Page MenuHomePhabricator

Explore moving the Panoviewer gadget/Toolforge tool into production
Open, LowPublic

Description

The work to create this tool by @dschwen is impressive, and got more so during the Wikimania 2016 hackathon with progressive HD download allowing for more performant use. See T105789: A new panoramic viewer for commons for more details.

The tool uses the Tool Labs grid for job execution and a library for tile manufacturer; theoretically it could be made into a real extension, with the tile manufactory put onto the Services cluster. This would allow it to be deployed everywhere, not just on Commmons, and integrated into MediaViewer officially rather than through a hack ;-) Maybe?

Event Timeline

Sounds good, what do you need from me?

If this gets integrated into the Mediaviewer we need to get additional data from the API, namely if the image really is a panorama (we'd need test if a specific template is used on the page, and in the case of non-spherical panos we need to fetch a template parameter for the location of the horizon line).

Currently the panoviewer only supports full spherical panoramics in equirectangular projection (which is exactly what "photospheres" are). Adding support for incomplete panos (either reduced vertical or horizontal FOV) should be straight forward though.

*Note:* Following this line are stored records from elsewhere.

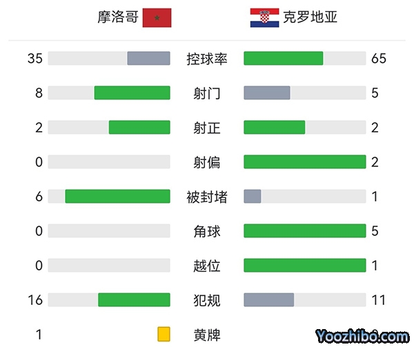 全场比赛结束,摩洛哥0-0克罗地亚。
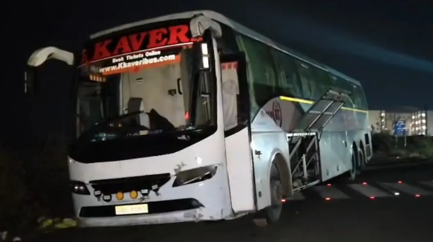 Kurnool: A Kaveri Travels private bus met with a road accident on Tuesday early morning near Tidco House on the outskirts of Kurnool, Andhra Pradesh. The bus, traveling from Pondicherry to Hyderabad, lost control and collided with a road divider after reportedly overspeeding. Fortunately, no oncoming vehicle was present at the time, preventing a more serious accident.
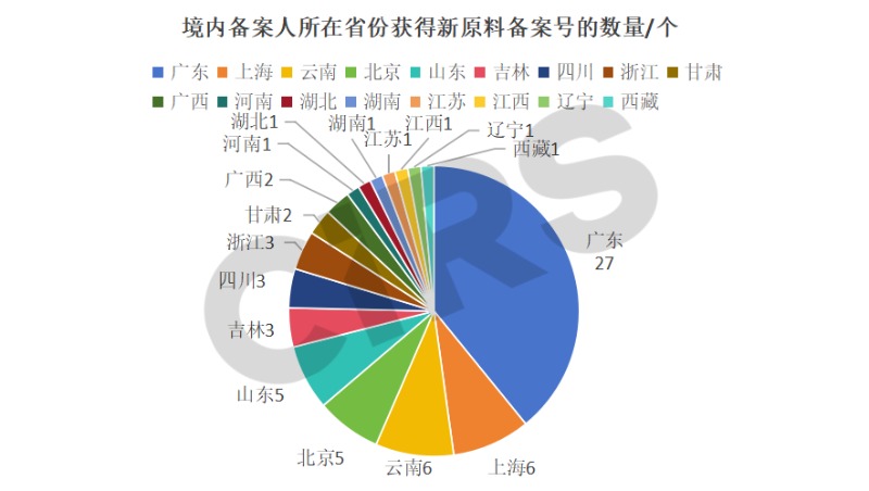 根据对新原料备案数据的分析,69款新原料由中国境内企业完成备案,涉及54家企业,分布于17个省份地区,包括广东、上海、云南、北京、山东、吉林、四川、浙江、甘肃、广西、河南、湖北、湖南、江苏、江西、辽宁和西藏。如下图2所示,在所有境内备案人所属省份中,广东省获得的新原料备案号数量最多,共计27个,约占2025年上半年境内备案人企业新原料备案总数的39.1%。

The tool consists of multiple parts:

  1. An HTML page (into which you pass the pano file name as a URL fragment (#). The page contains some Javascript that triggers the following components (this could all be in the Mediaviewer JS code in the future)
  2. A php script that returns a JSON config for the Pannellum WWebGL based panorama viewer. This script (https://github.com/Toollabs/panoviewer/blob/master/public_html/config.php) fetches images from commons (to get around origin policies), spawns the preprocessing on the grid and returns an intermediate resolution preview (JSON config). It also has a function used for polling if the grid job is done. (the JS in the HTML page under 1. is the driver for the polling)
  3. Pannellum (https://pannellum.org/) is the actual WebGL based viewer. It is great!
  4. A wrapper script that wraps pannellum's python script, that calls Nona and VIPS to reproject and tile high resolution panoramics (I submit thus using jsub from config.php)

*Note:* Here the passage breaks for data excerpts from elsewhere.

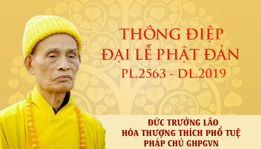 Năm nay, hòa trong không khí hân hoan của cộng đồng Phật giáo trên toàn thế giới kỷ niệm ngày Vesak trọng đại, Giáo hội Phật giáo Việt Nam vô cùng vinh dự là nước chủ nhà đăng cai tổ chức Đại lễ Vesak Liên hợp quốc lần thứ 16, PL. 2563- DL. 2019. Thay mặt Hội đồng Chứng minh, Hội đồng Trị sự, và toàn thể Tăng Ni, Phật tử Việt Nam, tôi hoan nghênh và nhiệt liệt chào mừng Chư tôn đức lãnh đạo các Giáo hội Tăng già, các tổ chức hệ phái truyền thừa Phật giáo từ khắp các Châu lục đã hội tụ về Việt Nam lần thứ 3 kỷ niệm ngày Vesak Liên hợp quốc. Đây là cơ hội quý báu để chúng ta cùng nhau tăng trưởng niềm tin vào chân lý giải thoát, phát huy giá trị những di sản mà Đức Thế tôn đã để lại cho nhân loại chúng ta trong hệ thống tư tưởng giáo lý vô giá về trí tuệ, lòng từ bi, triết lý vô ngã, tinh thần bất bạo động, những giá trị hòa bình và phát triển bền vững.
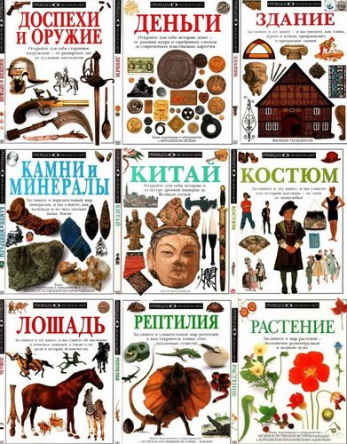Серия - 33 познавательных иллюстрированных энциклопедий от транснационального издательства, созданного в 1974 году, в сотрудничестве с Британским музеем. Серия «Eyewitness ® Guide» была разработана издательством «Дорлинг Киндерсли Лимитед» совместно с издательством «Галлимар».Год: 1995-2001
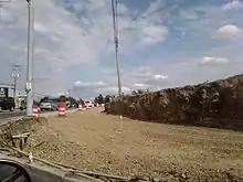 In 2009, PA 39 was widened to five lanes (two lanes in each direction with a center turning lane) when a new shopping center near the intersection of PA 39 and Progress Avenue was built.[26] At the same time, West Hanover Township made improvements to the area surrounding PA 39's interchange with I-81. Prior to the improvements, there was only one traffic light in the vicinity, located at Jonestown Road. Several traffic lights and two additional lanes with a center concrete barrier was added to handle the increased truck traffic caused by the construction of warehouses nearby in 2003 and 2004.[27][28]
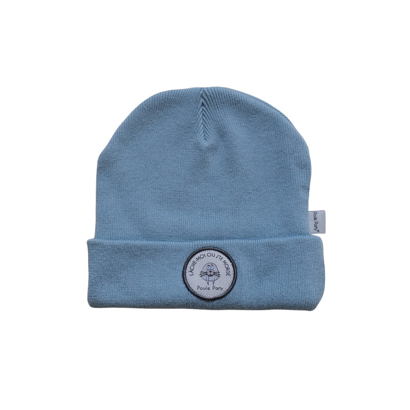 Découvrez chez little&tall, le bonnet "Morse" pour les kids, coloris "new bleu" de la marque Poule Party. Doux et 100% confort, ce bonnet est doté d'un écusson "lâche-moi ou j'te morse". Il est conçu en 100% coton biologique certifié GOTS.

I just had a long chat with @dschwen . It seems the best way to create image tiles would be to adapt Tilerator to convert large images into tiles, cache them into a tile storage (either SSDs or spinning rust), possibly relying on Cassandra's ability to distribute the storage, and serve them via Kartotherian, the same way as we serve maps. Very few backend modifications would be needed for this, other than to figure out where we want to actually store it, having enough capacity, storage configuration, etc.

Big unknown is if Mapnik can handle the required re-projection, or if we will need to have an external tool to do additional reprojection steps.

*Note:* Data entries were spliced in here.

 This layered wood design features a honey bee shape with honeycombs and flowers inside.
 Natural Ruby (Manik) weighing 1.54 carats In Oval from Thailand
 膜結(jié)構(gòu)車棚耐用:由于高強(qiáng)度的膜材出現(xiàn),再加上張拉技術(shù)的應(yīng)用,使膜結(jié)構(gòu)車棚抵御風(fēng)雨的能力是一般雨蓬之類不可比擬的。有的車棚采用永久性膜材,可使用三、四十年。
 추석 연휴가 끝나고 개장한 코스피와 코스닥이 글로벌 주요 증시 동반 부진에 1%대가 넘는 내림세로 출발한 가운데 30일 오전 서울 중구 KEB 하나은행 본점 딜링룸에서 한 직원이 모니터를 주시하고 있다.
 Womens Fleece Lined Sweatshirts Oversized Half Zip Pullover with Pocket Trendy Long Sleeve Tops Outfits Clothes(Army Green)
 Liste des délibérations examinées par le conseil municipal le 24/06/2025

What we need is called a "gnomonic" projection. Here's an example: https://mycodingwrongs.wordpress.com/2010/07/24/reprojecting-blue-marble/

This might be totally doable!!!

Added a Mapnik issue, will see if anyone replies.

Jdforrester-WMF moved this task from Untriaged to Next up on the Multimedia board.

I now have:

  • changes to our xmp-reader, which read the relevant metadata (still needs test)
  • changes to the thumbnail renderer, to check the metadata for panoramas and to add a data-projection-type attribute if appropriate (T151451)
  • a userscript to replace images annotated with data-projection-type, with an iframed https://tools.wmflabs.org/panoviewer/ (if i disable crossorigin checks in my browser)

https://youtu.be/JAVdC2PRS00

Alternative script library that has provisions for iOS panorama's https://github.com/naver/egjs-view360

I've now got a PanoViewer extension with Pannellum, and using the new XMP and iPhone metadata.

TODO:

  • Still uses AR of original image to render thumbnail. Less than ideal usually.
  • Panorama/Cylindrical projection
  • Polar projection ?
  • Tile rendering/pannellum multires
  • Support for MMV
  • Support for projection metadata inside of CommonsData
  • Annotations metadata inside of CommonsData
  • Image syntax parameter to enabled/disable viewer
  • an iframe mode

Still considering switching to egjs-view360, as that does provide support for Panoramas. Unfortunately egjs doesn't support multires tile rendering like pannellum does. Nothing seems to support polar projection. Can also consider to implement panorama support using another (simpler) library of course..
The biggest problem with Panoramas is that many are phone panoramas (without full metadata), and you basically need to infer fov settings.. It seems facebook does this based on camera model + camera settings + file dimensions... but it doesn't seem anyone has made an open source version of this yet.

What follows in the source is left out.